The results are shown in Fig. 8. The predictive performance [% AUC on test set] in 10-fold CV (SSD) improved to 81.5% (74.4%) with technome predictive mode in comparison to GLM with 60.7% (60.0%) or random forest with 58.1% (59.1%). The technome was also superior to a RAVEL-like calibration of 70.4% (64.6%) and the naive approach via GLM with AUC of 70.8% (65.4%) or via random forest with 74.8% (67.0%).

Figure 8
figure 8

Predictive performance [% AUC] in 10-fold CV (blue) and SSD (red) for centrilobular emphysema prediction in the COPD study.

As a comparison, the predictive performance of LAA signature on the soft kernel B36, which is the clinical standard for emphysema classification, was 76.6% (74.3%), which is numerically inferior to the technome calibration for the hard kernel B71.

mCRC dataset – one-year-survival prediction

The results are shown in Fig. 9. The predictive performance [% AUC on test set] in 10-fold CV (SSD) improved to 66.5% (53.4%) with technome predictive mode in comparison to GLM with 49.2% (49.9%) or random forest with 57.6% (49.3%). The technome was also superior to a RAVEL-like calibration of 58.9% (50.4%) and the naive approach via GLM with AUC of 49.9% (49.2%) or random forest with 44.5% (43.3%). In the SSD scenario, no approach yielded an acceptable predictive performance. Apparently, the variation is too large to calibrate the signature with only few data.

Figure 9
figure 9

Predictive performance [% AUC] in 10-fold CV (blue) and SSD (red) for one-year-survival prediction in the mCRC study.

For comparison, an advanced deep learning approach based on sparse autoencoder pre-training35 optimised for the same data achieved a performance of 71.1%. A radiomics approach with a random forest highly optimised by hyperparameter tuning using a nested CV and all PyRadiomics features calculated within the tumour ROIs achieves 56.8%.

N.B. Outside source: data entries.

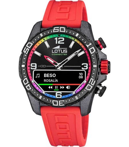 Orologio Da Unisex Di Lotus Della Collezione Connected D. Orologio Con Cassa In Fibra Di Carbonio Di Forma Rotonda Con Un Diametro Di 45.0. Il Citnturino È In Silicone Di Colore Rosso. Il Vetro È Zaffiro Con Dislay Oled E Pulsanti Laterali Per La ...
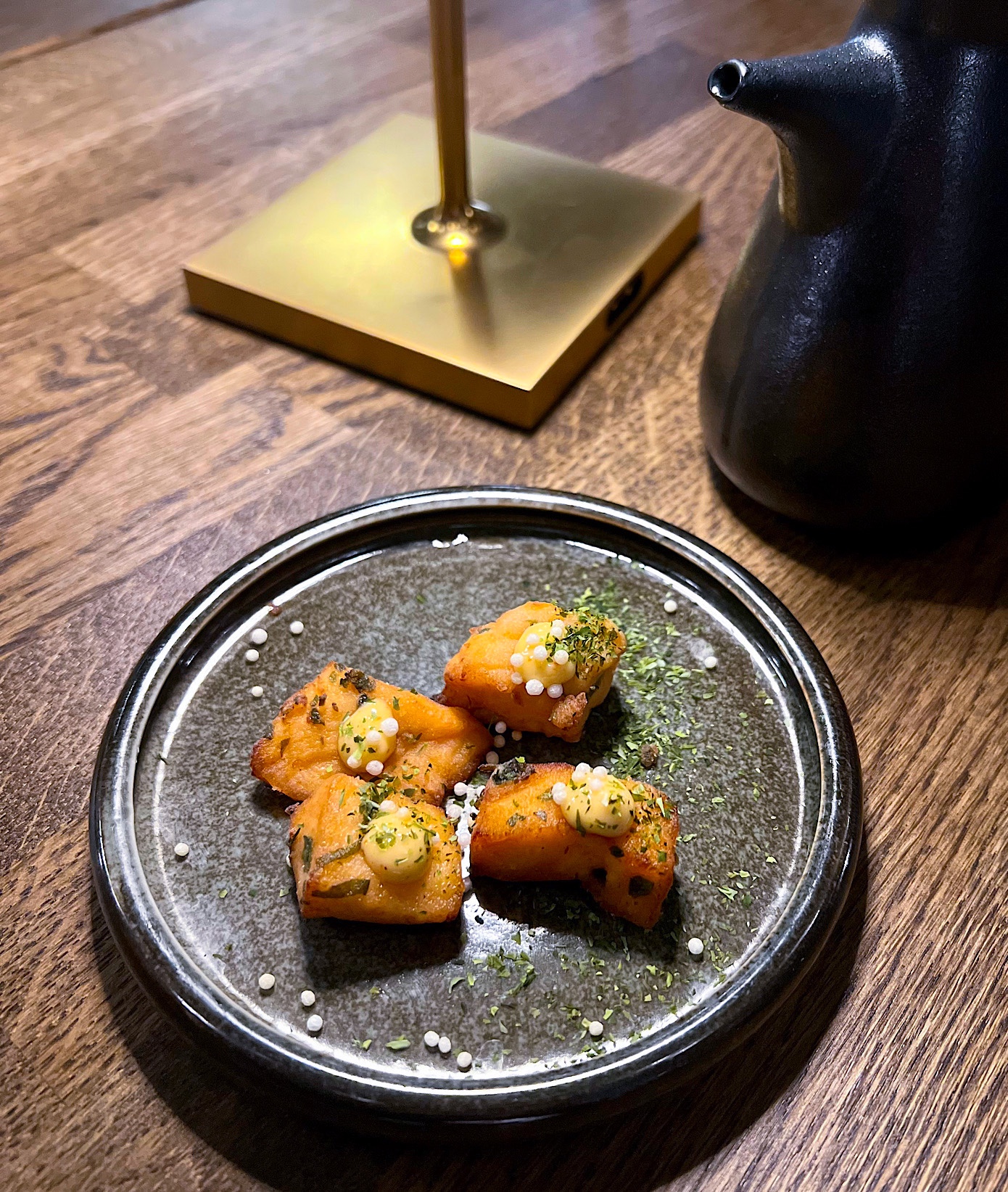 W połowie sierpnia 2023 na początku otrzymaliśmy poczęstunek w formie kąsków ciepłego łososia z wasabi mayo.
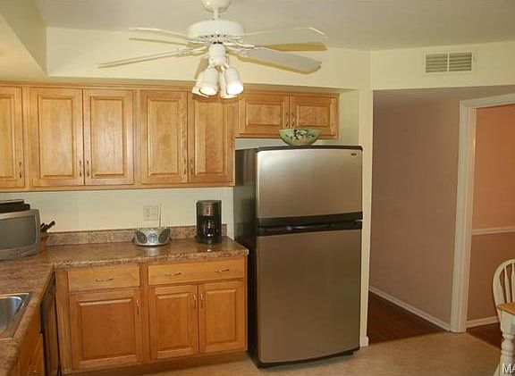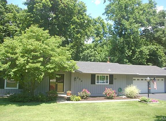 OPEN Sunday 2:00 to 4:00 Come see this home with the Four Seasons Sun porch overlooking trees and common ground. The lower level walk out features a Master Bedroom suite, 4th Bedroom and large family room. This Chesterfield home has a stylish pottery barn look. A beautifully updated and meticulously maintained 4 bedroom Ranch with a completely finished basement and wood burning fireplace. Double door entry with peg and plank flooring welcomes you into the entry foyer. Kitchen includes ample cabinets and storage, many stylish updates and improvements. Warm and glowing hardwood flooring. Six panel doors. Separate HVAC systems for up and down stairs. Gutter covers, newer large garage doors. Pool and tennis courts available for membership. Located near highways, shopping and restaurants. Close to Creve Coeur and Faust Parks. The lot adjacent to the property is a No Build on common ground to be used for your outside fun and games. Hot tub in as is condition with no implied warranty.
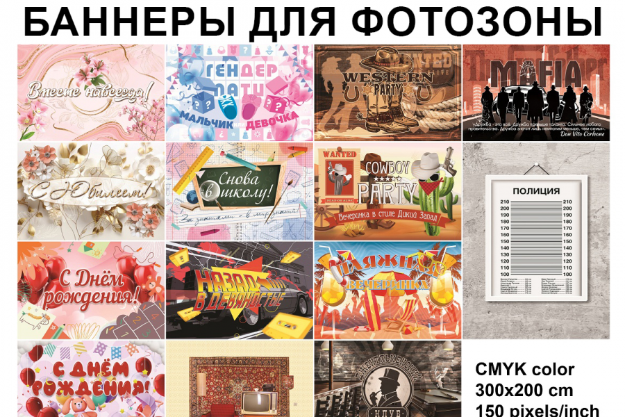 Макеты баннеров для фотозоны формата 2 на 3 метра. Под печать, формат: CMYK color, 300x200 cm, 150 pixels/inch.
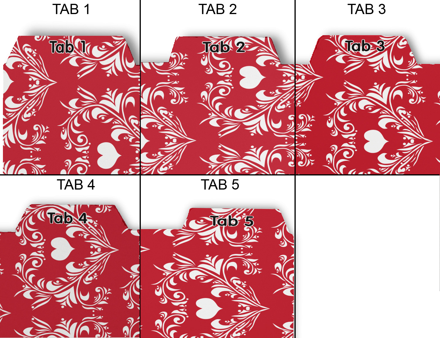 Whether you use binders at school or at work, we have designs to suit all of them. Available in 5 or 6 tab sets, you are sure to find a set to suit your needs. The back of each one is white and can be used to take notes, write vital information on, etc.
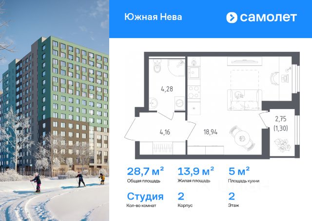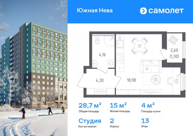 Строим кварталы для жизни с заботой о будущем. Предлагается квартира студия комфорт-класса 27,19 кв.м в корпусе 2 на 11 этаже, в ЖК "Южная Нева" Квартира без отделки. Доступность опции "отделка" и возможность комплектации мебелью и декором уточняйте у застройщика. Приобрести квартиру возможно по специальным акциям от застройщика, с текущими условиями акций можно ознакомиться в блоке "Акций". Цена динамическая и может отличаться, уточняйте актуальность у застройщика. Спокойное течение Невы, монументальные арки Володарского моста и простор лесопарка создают атмосферу жилого комплекса "Южная Нева". До КАДа — всего 5 минут, до центра города — 30 минут на машине, а станция метро "Пролетарская" в 10 минутах. Для любителей природы рядом Невский лесопарк и "МЕГА Парк", где можно бегать, кататься на велосипеде или посетить веревочный парк. Для детей предусмотрены школа и 2 детских сада, а на первых этажах домов откроются салоны красоты, магазины и кафе. В шаговой доступности — фитнес-центр и торговые центры "МЕГА Дыбенко" и "Лондон Молл". Комплекс состоит из 11 монолитных домов высотой от 12 до 23 этажей с разноцветными фасадами и панорамными балконами. Двор украшают 7 мостов-навесов, а центральная аллея — собственная Нева. Здесь можно позагорать на лежаках или поиграть в шахматы, позаниматься на спортивной площадке или отвести ребенка в игровую зону на встречу с друзьями. В "Южной Неве" есть планировки с проходными кухнями-гостиными и гардеробными.

Technome discovery – understand importance of qualification criteria and surrogates

In a first step, the association of predictive performance with each qualification criterion individually was inspected. Apparently, only inSilico and inVivo qualification show a deterministic behaviour for high qualifications. This is shown exemplarily for centrilobular emphysema and the inSilico qualification in Fig. 10 on the left. The inVitro and orthogonality qualification used alone, however, are not associated with predictive performance. This is shown exemplarily for the inVitro qualification on the right in Fig. 10. When the loss L is minimised, the tradeoff between training loss and calibration loss used in the Bayesian optimisation detects a point of good predictive performance for the inVivo and inSilico qualification within the deterministic area (‘Bayes’ in Fig. 10).

Figure 10
figure 10

Association of the inSilico (left) and inVitro qualification (right) with the predictive performance for centrilobular emphysema. For high qualification the inSilico qualification criterion leads to a higher correlation of predictive quality with qualification, while the correlation of the predictive performance rapidly decreases for lower qualification. The inVitro qualification criterion when used alone, however, shows no obvious association with predictive performance. Only for inVivo and inSilico qualification criteria, the Bayesian optimisation constructed a technome calibration with a good predictive performance (‘Bayes’).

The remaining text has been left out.